**YOUR TASK:**
Skip the pictures. Give all the data again exactly.

**DATASET EXCERPT:**
- - - -

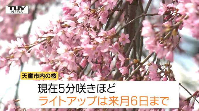 天童市によりますと、市内の桜は現在5分咲きほどで、夜桜のライトアップは来月6日まで行われる予定です。
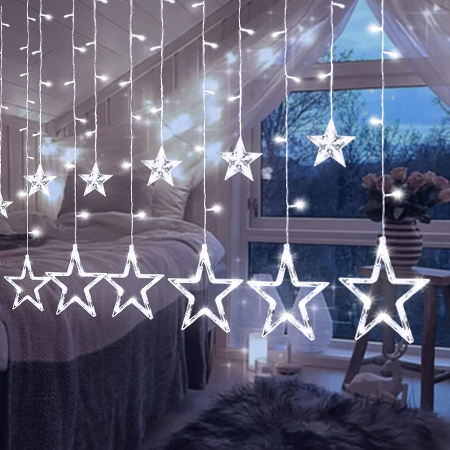 СВЕТОДИОДНАЯ СВЕТОВАЯ ЗАНАВЕСА «ЗВЕЗДЫ» Елочные гирлянды для окна
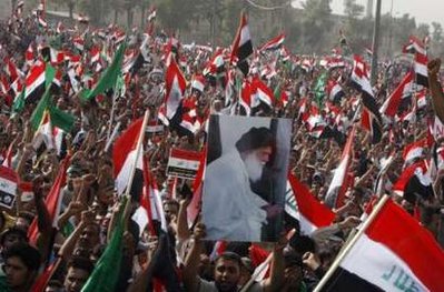 示威者响应什叶派政治人物萨德尔的号召,一大早在巴格达东部萨德尔城的穆扎法尔广场聚集。大部分示威者是年轻人,也有一些妇女和儿童。他们挥舞着伊拉克国旗,手举萨德尔画像,高喊“侵略者滚出去!我们不要驻军地位协议!”等口号,一直游行到约3公里外的穆斯坦西里亚广场。
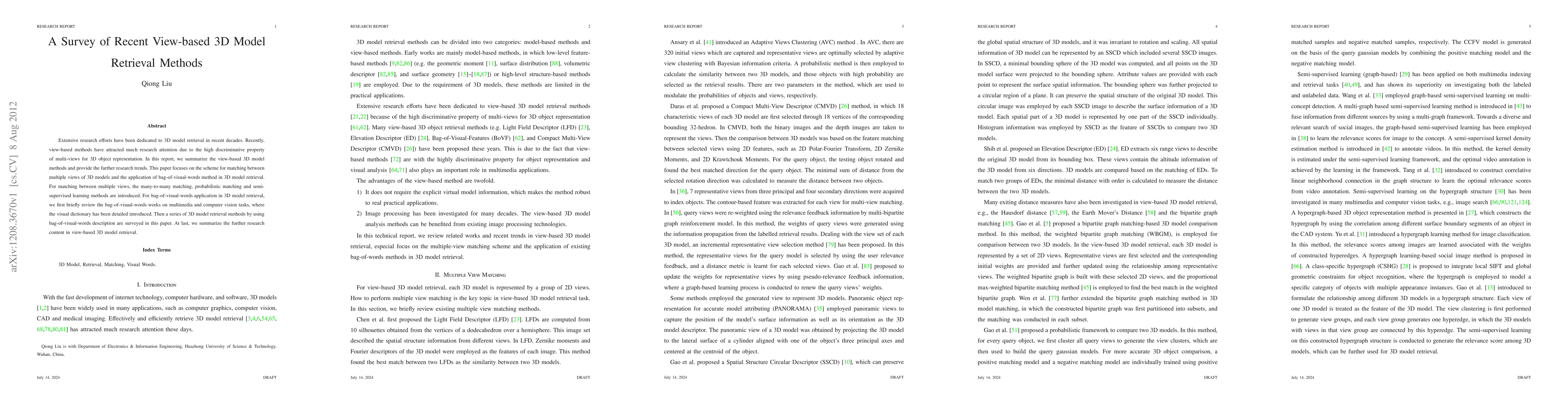 This paper surveys recent advancements in view-based 3D model retrieval methods, focusing on multiple view matching techniques and the application of the bag-of-visual-words approach. It highlights trends and future research directions in this field.

- - - -

**PROBLEM SOLUTION:**
 天童市によりますと、市内の桜は現在5分咲きほどで、夜桜のライトアップは来月6日まで行われる予定です。
 СВЕТОДИОДНАЯ СВЕТОВАЯ ЗАНАВЕСА «ЗВЕЗДЫ» Елочные гирлянды для окна
 示威者响应什叶派政治人物萨德尔的号召,一大早在巴格达东部萨德尔城的穆扎法尔广场聚集。大部分示威者是年轻人,也有一些妇女和儿童。他们挥舞着伊拉克国旗,手举萨德尔画像,高喊“侵略者滚出去!我们不要驻军地位协议!”等口号,一直游行到约3公里外的穆斯坦西里亚广场。
 This paper surveys recent advancements in view-based 3D model retrieval methods, focusing on multiple view matching techniques and the application of the bag-of-visual-words approach. It highlights trends and future research directions in this field.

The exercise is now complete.